虚拟内存也会被耗尽
作为Android开发者的咱们,必定经历过APP从32位从64位架构的切换。目前国内市场仍是存在32架构的要求的,并没有全面禁止,32位架构有一个缺点是,可分配给用户空间的虚拟内存太少了(一般一半留给内核空间,可装备)所以往往导致虚拟内存不足引发OOM。切换成64位架构后,在ARM64上,4kb的页巨细状况下默许能分配给进程的虚拟内存巨细是2^39次方,其实64位并不能完全分配完,可是39次方这个量级依旧比32位可用的虚拟内存巨细大得多,因而往往咱们晋级为64位架构适配后,虚拟内存不足的问题会被缓解 ,这儿比较有意思的是,只是缓解,假如你的应用是长时间存在的话,依旧会触发到由于虚拟内存不足导致的OOM,即便虚拟内存很大了,比方存在大量虚拟内存走漏的状况。
咱们能够看到的例子,比方mmap分配失败了,由于native Thread创建需求mmap创建一层栈空间,又或者是其他调用mmap分配内存时失败
java.lang.OutOfMemoryError: Could not allocate JNI Env: Failed anonymous mmap(0x0, 8192, 0x34, 0x220, -1, 0): Out of memory. See process maps in the log.
at java.lang.Thread.nativeCreate(Thread.java)
at java.lang.Thread.start(Thread.java:733)
at java.util.concurrent.ThreadPoolExecutor.addWorker(ThreadPoolExecutor.java:975)
at java.util.concurrent.ThreadPoolExecutor.processWorkerExit(ThreadPoolExecutor.java:1043)
at java.util.concurrent.ThreadPoolExecutor.runWorker(ThreadPoolExecutor.java:1185)

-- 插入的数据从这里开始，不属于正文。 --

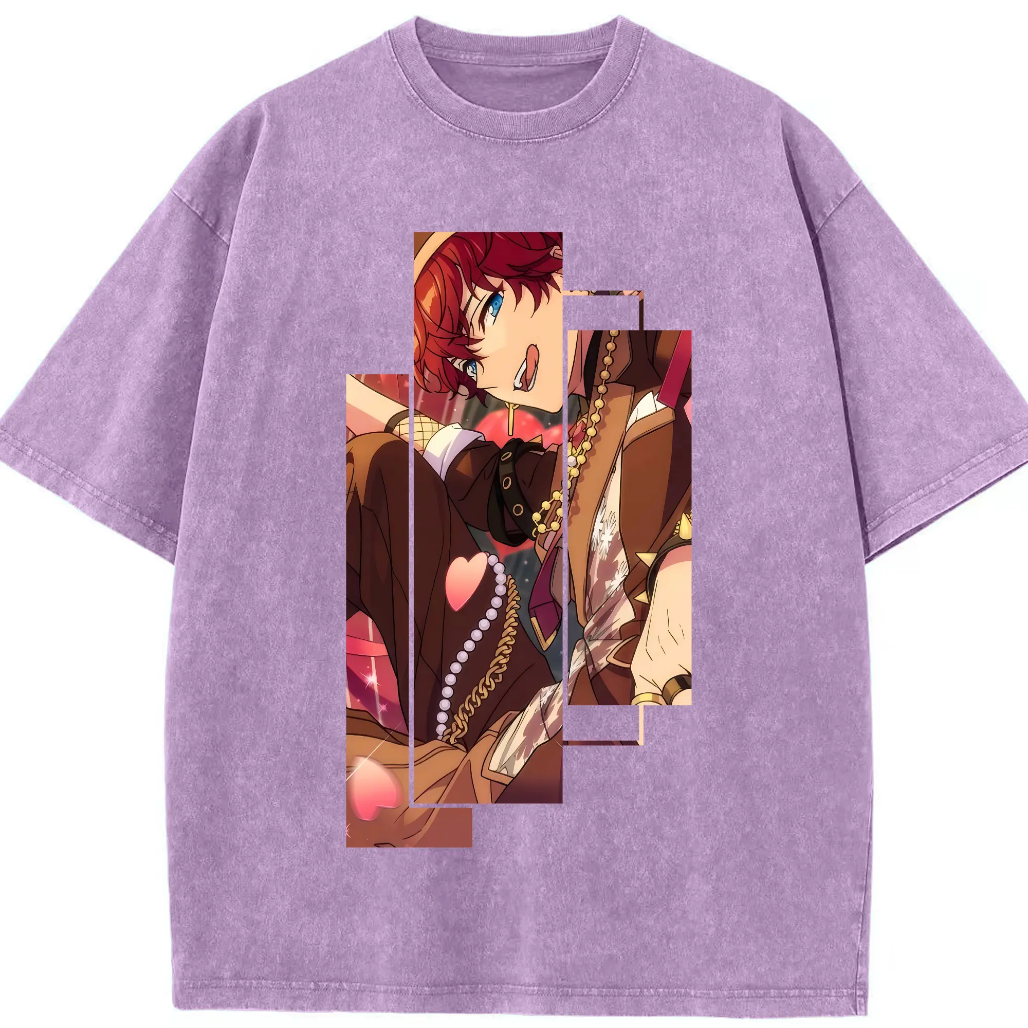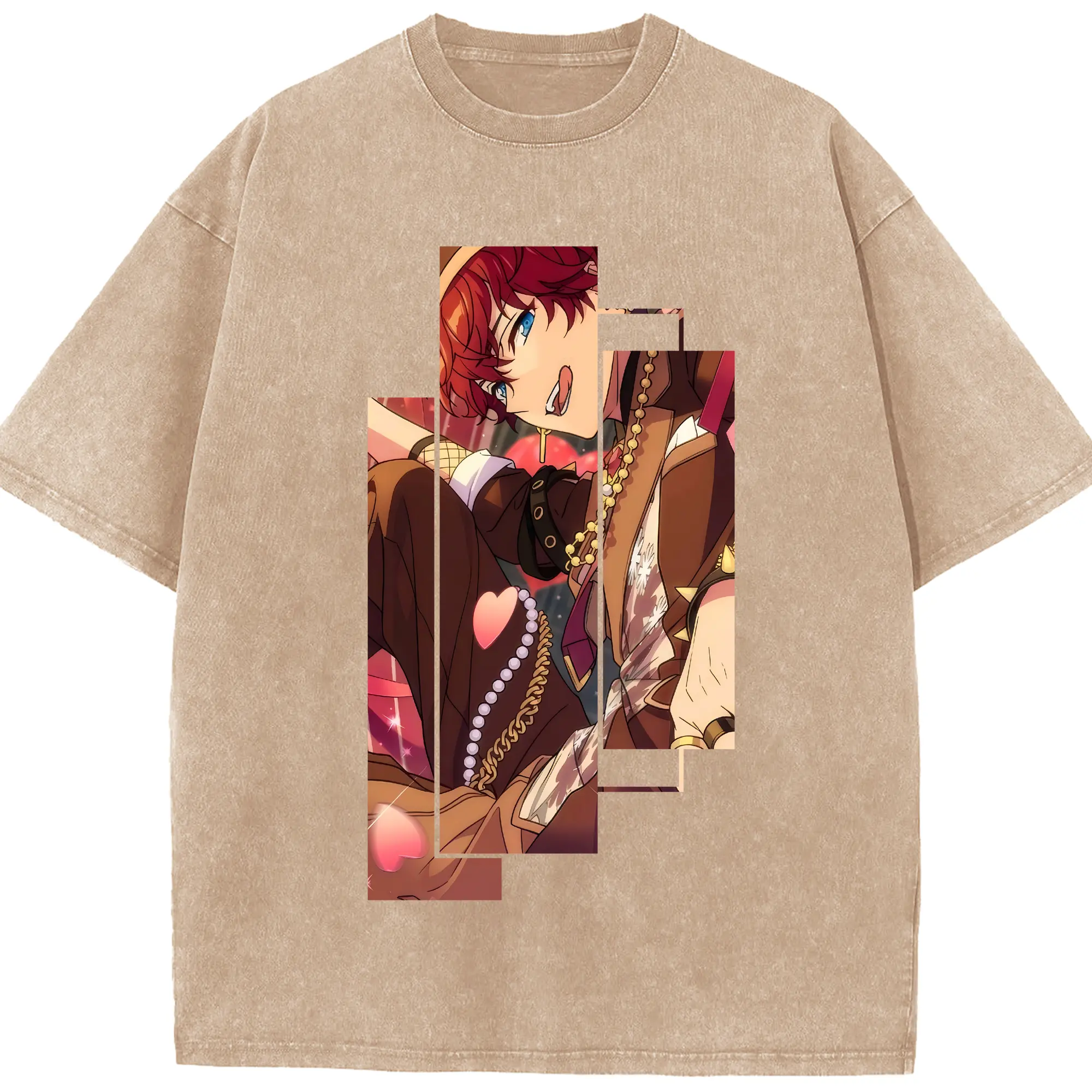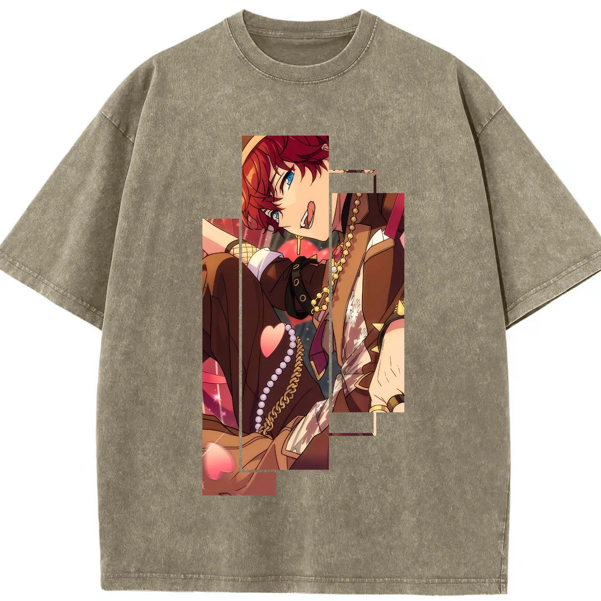 あんさん ぶる グッズ UNDEAD 羽風薫 - 綿100% ヴィンテージ風 半袖Tシャツ ・ フロントプリント ・ 柔らか肌触り ・ 通気性 快適 ・ スポーツ カジュアル 外出用
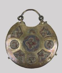 | Keywords: Ukrainian - Temple Pendant (Kolt) with Two Birds - Walters 44297 - Back.jpg Kolty singular kolt are pendants that attached to a woman's headdress at the temples The hollow space within the two concave gold disks that compose a kolt contained perfumes or scented oils The pendants were usually decorated on both sides since they could rotate as the woman walked This kolt is decorated with delicate cloisonné enamel a technique learned from Byzantine masters starting in the late 10th century Kolty were frequently worn at wedding ceremonies; the lilies center birds and seeds that fleck the birds' breasts are all symbols of fertility The bird is also an image retained from Russia's pagan past century 12 Medieval gold cloisonné enamel cm 4 7 4 8 0 9 accession number 44 297 11357 Henry Walters Baltimore date and mode of acquisition unknown Walters Art Museum Henry Walters Acquired by Henry Walters Objects of Adornment Five Thousand Years of Jewelry from the Walters Art Gallery Baltimore Cooper-Hewitt National Design Museum New York; Chrysler Museum of Art Norfolk; Carnegie Museum of Art Pittsburgh; San Antonio Museum of Art San Antonio; Philbrook Museum of Art Tulsa; Honolulu Academy of Arts Honolulu; New Orleans Museum of Art New Orleans; Milwaukee Art Museum Milwaukee; Minneapolis Institute of Arts Minneapolis; Toledo Museum of Art Toledo; The John and Mable Ringling Museum of Art Sarasota 1984-1987 Jewelry from the Walters Art Museum and the Zucker Family Collection The Walters Art Gallery Baltimore 1987 Russian Enamels The Walters Art Gallery Baltimore 1996-1997 Bedazzled 5 000 Years of Jewelry from the Walters Art Museum Frist Center for the Visual Arts Nashville; The John and Mable Ringling Museum of Art Sarasota; The Walters Art Museum Baltimore 2006-2009 Early Christian and Byzantine Art Baltimore Museum of Art Baltimore 1947 Russian Art Icons and Decorative Arts from the Origin to the Twentieth Century The Walters Art Gallery Baltimore 1959-1960 Jewelry - Ancient to Modern The Walters Art Gallery Baltimore 1979-1980 Bedazzled 5 000 Years of Jewelry El Paso Museum of Art El Paso 2010 place of origin Ukraine Walters Art Museum license Byzantine and Early Russian art in the Walters Art Museum kolty Jewellery in the Walters Art Museum Media contributed by the Walters Art Museum needs category review Jewellery of Kievan Rus |
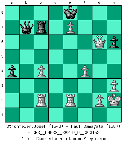 Last move : 1-0 2024 February 3 2:18:2 [Event "FICGS__CHESS__RAPID_D__000152"] [Site "FICGS"] [Date "2023.11.23"] [Round "1"] [White "Strohmeier,Josef"] [Black "Paul,Samagata"] [Result "1-0"] [WhiteElo "1648"] [BlackElo "1667"] 1.e4 e5 2.Nf3 Nc6 3.Bb5 d6 4.d4 Bd7 5.O-O h6 6.Nc3 a6 7.Ba4 Nf6 8.h3 b5 9.Bb3 Na5 10.dxe5 dxe5 11.Nxe5 Nxb3 12.axb3 Bd6 13.Nxd7 Nxd7 14.Qg4 Qf6 15.Nd5 Qe5 16.Bf4 Qxb2 17.Bxd6 cxd6 18.Nc7+ Ke7 19.Nxa8 Rxa8 20.Qe2 Ne5 21.f4 Ng6 22.Rae1 Rc8 23.Rf2 Rc5 24.Rd1 a5 25.Qd3 d5 26.exd5 Kd6 27.R1d2 Ne7 28.c4 Qa1+ 29.Kh2 bxc4 30.bxc4 g6 31.Ra2 Qc1 32.Rac2 Qb1 33.Qd4 Nf5 34.Qf6+ Kd7 35.Qxf7+ Ne7 36.Qe6+ Ke8 37.d6 Qb7 38.Rfe2 a4 39.dxe7 Rc7 40.Qxg6+ 1-0 Follow this game move after move (download)Chess is a more highly symbolic game, but the aggressions are therefore even more frankly represented in the play. It probably began as a war game; that is, the representation of a miniature battle between the forces of two kingdoms. (Karl Meninger) Frage: Was machen Sie mit den Preisen? Anwort: Ich habe Angst, dass meine Freundin davon neue Kleider kauft. (Loek van Wely) Jugadores de primera clase pierden en contra de jugadores de segunda clase porque los jugadores de segunda clase a veces juegan una partida de primer clase. (Siegbert Tarrasch) Vouloir jouer aux échecs contre soi-même est aussi paradoxal que vouloir marcher sur son ombre. (Stefan Zweig) May I never be complete. May I never be content. May I never be perfect. Deliver me, Tyler, from being perfect and complete. (Chuck Palahniuk, Fight Club)
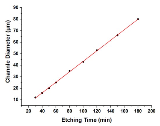 The results show that the channel diameter increased linearly with the etching time during the process. The sample was periodically removed from the corrosion solution. Therefore, the size of the microcavity and microsphere structure could be controlled by controlling the etching time.
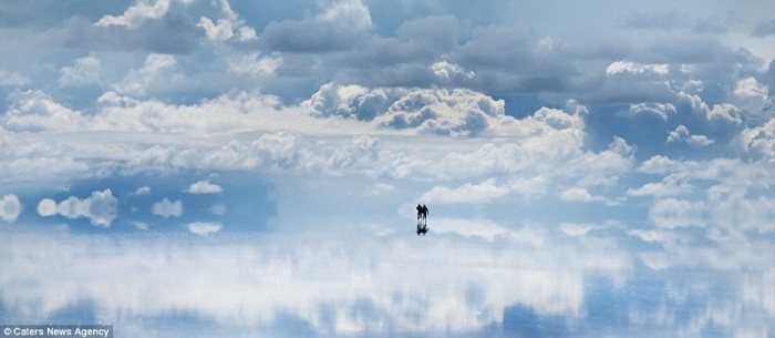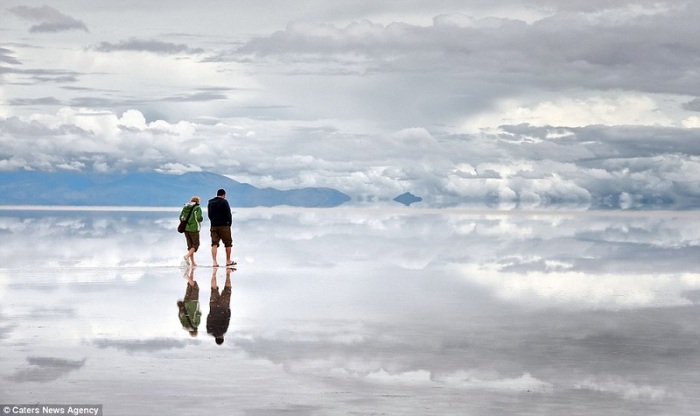 В сезон дождей солончак покрывается тонким слоем воды и превращается в огромное зеркало.
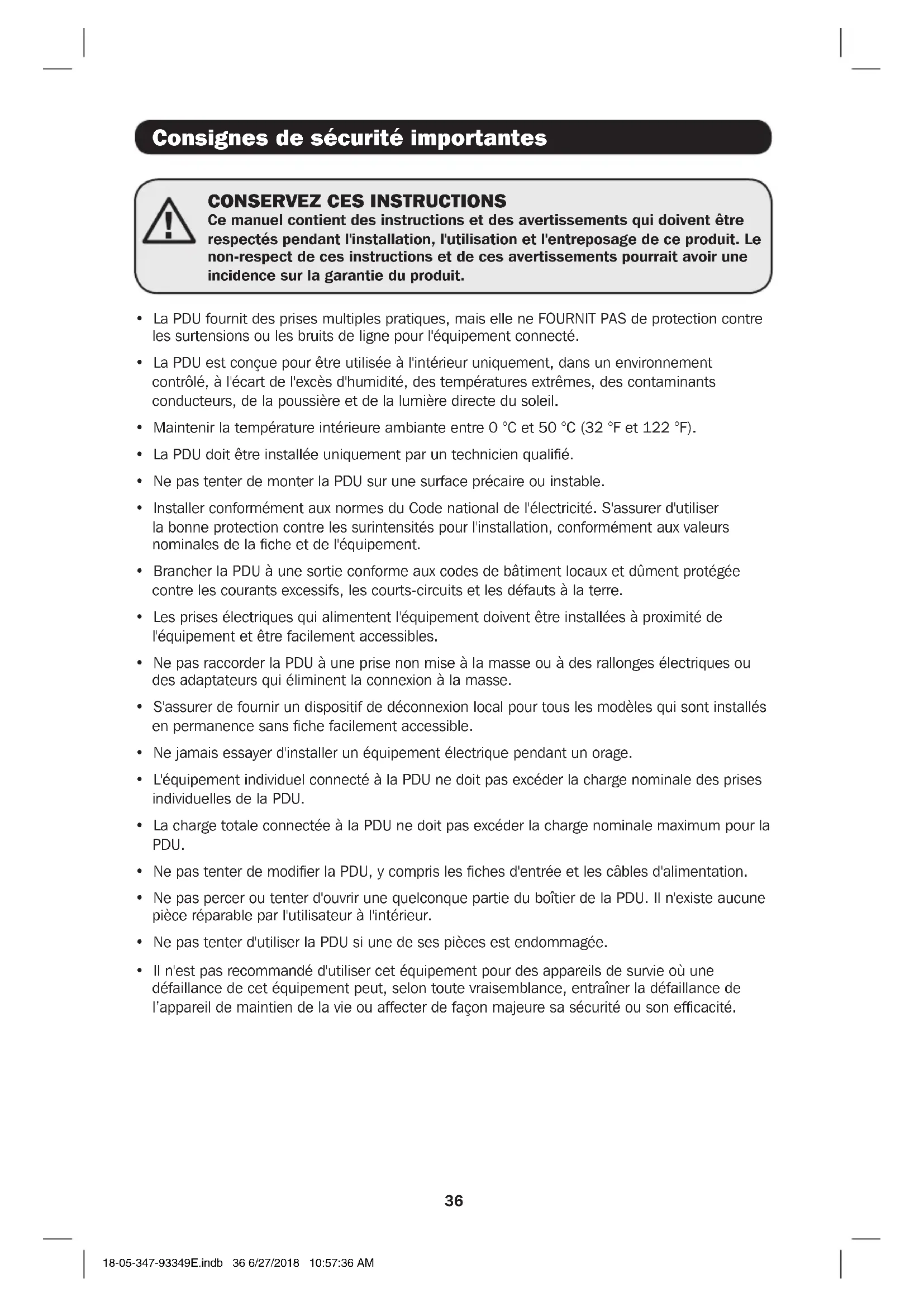 - L'équipement individuel connecté à la PDU ne doit pas excéder la charge nominale des prises individuelles de la PDU.

at java.util.concurrent.ThreadPoolExecutor$Worker.run(ThreadPoolExecutor.java:641)
at java.lang.Thread.run(Thread.java:764)
因而,找到罪魁祸首的手法十分重要,实际上,由于ART虚拟机自身引起的native 内存走漏也不少,因而Android团队在 Android N 之后系统增加了 libmemunreachable 模块,用于检测native内存走漏。
libmemunreachable
MemUnreachable.cpp中,提供了一个获取不可达内存地址的办法,GetUnreachableMemory
GetUnreachableMemory(UnreachableMemoryInfo& info, size_t limit)
经过GetUnreachableMemory,咱们能够在info函数中获取到不可达地址的信息。
384 bytes in 9 allocations unreachable out of 20003960 bytes in 40784 allocations
384 bytes in 9 unreachable allocations
ABI: 'arm64'
320 bytes unreachable at 7e879d09c0
8 bytes unreachable at 7e8d891160
8 bytes unreachable at 7e8d9fec78
....
能够看到,获取的信息仍是比较多的,比方走漏的巨细,走漏的地址都能找到,当然,这个so大部分是用于ART自检的,假如咱们也想用怎样办,比方咱们想监控自己的APP有没有发生native内存走漏怎样办?别急,办法有的是!在运用前,咱们会讲一下原理,假如不感兴趣能够直接调到运用末节。
咱们来想一下,假如咱们要做内存走漏检测,一般怎样做?
第一步便是要检测内存是否可达对吧,这一步很重要,比方咱们Java堆内存检测内存是否可达,其实便是从一些gc root 动身假如能找到存在目标到gc root的引证链,就证明该内存有被运用,否则便是不可达内存,会被虚拟机GC回收。
关于Native层来说也是相同的,检测内存是否可达也是从Root内存动身(Root是当时正在被运用的内存,比方与虚拟机Heap有联络的内存,或者线程栈范围内的内存),然后判别是不是走漏内存,其实Native判别会比Java层判别要简略,由于Native 内存只需不存在Root引证链的内存,必定是走漏内存,由于Native层里边可没有像Java相同的GC机制,假如没有被释放,它是一直存在的,这点需求留意,所以咱们找走漏内存,就变成了找不可达内存即可
下面咱们进入源码的剖析
GetUnreachableMemory
bool GetUnreachableMemory(UnreachableMemoryInfo& info, size_t limit) {
if (info.version > 0) {
MEM_ALOGE("unsupported UnreachableMemoryInfo.version %zu in GetUnreachableMemory",
info.version);
return false;
}
int parent_pid = getpid();
int parent_tid = gettid();
Heap heap;
AtomicState<State> state(STARTING);
LeakPipe pipe;
PtracerThread thread{[&]() -> int {
/////////////////////////////////////////////
// Collection thread
/////////////////////////////////////////////
MEM_ALOGI("collecting thread info for process %d...", parent_pid);
if (!state.transition_or(STARTING, PAUSING, [&] {
MEM_ALOGI("collecting thread expected state STARTING, aborting");
return ABORT;
})) {
return 1;
}
ThreadCapture thread_capture(parent_pid, heap);
allocator::vector<ThreadInfo> thread_info(heap);
allocator::vector<Mapping> mappings(heap);
allocator::vector<uintptr_t> refs(heap);
这儿主要做一些自检
// ptrace all the threads
if (!thread_capture.CaptureThreads()) {
state.set(ABORT);
return 1;
}
// collect register contents and stacks
if (!thread_capture.CapturedThreadInfo(thread_info)) {
state.set(ABORT);
return 1;
}
// snapshot /proc/pid/maps
if (!ProcessMappings(parent_pid, mappings)) {
state.set(ABORT);
return 1;
}
if (!BinderReferences(refs)) {
state.set(ABORT);
return 1;
}
// Atomically update the state from PAUSING to COLLECTING.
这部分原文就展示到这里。